- Required action -
Of the entries below, restate word for word only the section that runs from the line with "Beautiful Monstera deliciosa" to the line with "主舞台:潮汕杯COS大赛、燃", counting both ends.

═════ Data records ═════

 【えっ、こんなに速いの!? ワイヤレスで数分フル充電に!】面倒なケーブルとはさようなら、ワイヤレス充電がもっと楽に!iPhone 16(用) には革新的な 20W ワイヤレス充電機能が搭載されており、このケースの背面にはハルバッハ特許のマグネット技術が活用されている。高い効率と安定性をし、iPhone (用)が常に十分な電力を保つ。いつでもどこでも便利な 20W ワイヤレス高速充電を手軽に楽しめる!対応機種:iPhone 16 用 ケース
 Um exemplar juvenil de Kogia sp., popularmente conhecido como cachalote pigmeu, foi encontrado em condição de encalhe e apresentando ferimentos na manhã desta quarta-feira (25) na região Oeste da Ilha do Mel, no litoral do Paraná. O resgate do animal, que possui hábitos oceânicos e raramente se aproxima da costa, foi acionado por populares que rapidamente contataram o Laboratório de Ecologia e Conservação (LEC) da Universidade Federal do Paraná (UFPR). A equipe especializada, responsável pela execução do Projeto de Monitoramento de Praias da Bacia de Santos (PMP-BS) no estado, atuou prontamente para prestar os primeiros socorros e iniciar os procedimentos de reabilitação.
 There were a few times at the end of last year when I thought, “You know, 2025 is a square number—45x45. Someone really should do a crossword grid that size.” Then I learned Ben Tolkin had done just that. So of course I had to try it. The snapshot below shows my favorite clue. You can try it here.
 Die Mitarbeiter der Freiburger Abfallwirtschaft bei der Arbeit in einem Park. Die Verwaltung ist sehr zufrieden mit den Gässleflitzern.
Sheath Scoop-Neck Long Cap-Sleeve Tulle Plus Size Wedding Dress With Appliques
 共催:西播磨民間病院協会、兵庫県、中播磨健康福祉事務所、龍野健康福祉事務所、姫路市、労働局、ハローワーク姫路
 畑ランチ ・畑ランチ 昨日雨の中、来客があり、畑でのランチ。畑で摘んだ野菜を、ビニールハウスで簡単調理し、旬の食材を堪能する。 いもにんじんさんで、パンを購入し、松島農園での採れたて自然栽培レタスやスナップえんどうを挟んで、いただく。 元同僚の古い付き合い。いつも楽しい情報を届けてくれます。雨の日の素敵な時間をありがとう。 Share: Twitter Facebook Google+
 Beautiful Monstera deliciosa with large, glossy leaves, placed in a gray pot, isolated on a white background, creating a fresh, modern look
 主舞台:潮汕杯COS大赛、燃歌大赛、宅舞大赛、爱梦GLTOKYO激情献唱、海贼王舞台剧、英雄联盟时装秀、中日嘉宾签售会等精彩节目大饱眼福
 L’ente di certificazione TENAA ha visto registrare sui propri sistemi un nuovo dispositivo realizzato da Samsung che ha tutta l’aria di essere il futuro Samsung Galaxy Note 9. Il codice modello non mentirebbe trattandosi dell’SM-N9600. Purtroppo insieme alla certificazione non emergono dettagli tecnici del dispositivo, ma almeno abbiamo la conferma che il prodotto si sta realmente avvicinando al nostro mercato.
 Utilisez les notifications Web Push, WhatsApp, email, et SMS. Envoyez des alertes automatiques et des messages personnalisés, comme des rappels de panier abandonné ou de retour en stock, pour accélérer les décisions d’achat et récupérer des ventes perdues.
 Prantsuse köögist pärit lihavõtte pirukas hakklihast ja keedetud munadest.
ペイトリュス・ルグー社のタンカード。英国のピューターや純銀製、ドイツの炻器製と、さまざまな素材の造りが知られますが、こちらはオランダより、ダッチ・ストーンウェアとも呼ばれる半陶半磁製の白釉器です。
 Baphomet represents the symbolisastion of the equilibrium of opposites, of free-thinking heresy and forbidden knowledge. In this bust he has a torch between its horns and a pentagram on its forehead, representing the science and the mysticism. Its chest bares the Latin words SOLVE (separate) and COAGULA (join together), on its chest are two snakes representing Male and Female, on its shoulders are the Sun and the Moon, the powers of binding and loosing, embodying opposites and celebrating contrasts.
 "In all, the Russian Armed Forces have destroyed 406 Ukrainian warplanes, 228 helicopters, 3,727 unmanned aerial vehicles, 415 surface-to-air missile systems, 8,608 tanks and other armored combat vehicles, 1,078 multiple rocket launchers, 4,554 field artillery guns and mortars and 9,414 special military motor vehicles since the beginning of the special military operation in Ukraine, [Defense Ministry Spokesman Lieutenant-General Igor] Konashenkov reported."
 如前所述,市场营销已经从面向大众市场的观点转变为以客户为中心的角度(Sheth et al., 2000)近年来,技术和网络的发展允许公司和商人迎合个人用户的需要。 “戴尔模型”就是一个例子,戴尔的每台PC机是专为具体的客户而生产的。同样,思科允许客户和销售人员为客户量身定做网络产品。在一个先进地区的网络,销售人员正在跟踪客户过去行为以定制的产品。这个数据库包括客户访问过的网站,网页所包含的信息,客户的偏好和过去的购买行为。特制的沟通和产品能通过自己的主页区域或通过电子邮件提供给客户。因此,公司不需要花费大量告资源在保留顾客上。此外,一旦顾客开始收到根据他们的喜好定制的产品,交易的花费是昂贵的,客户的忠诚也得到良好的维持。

═════

- Output -
 Beautiful Monstera deliciosa with large, glossy leaves, placed in a gray pot, isolated on a white background, creating a fresh, modern look
 主舞台:潮汕杯COS大赛、燃歌大赛、宅舞大赛、爱梦GLTOKYO激情献唱、海贼王舞台剧、英雄联盟时装秀、中日嘉宾签售会等精彩节目大饱眼福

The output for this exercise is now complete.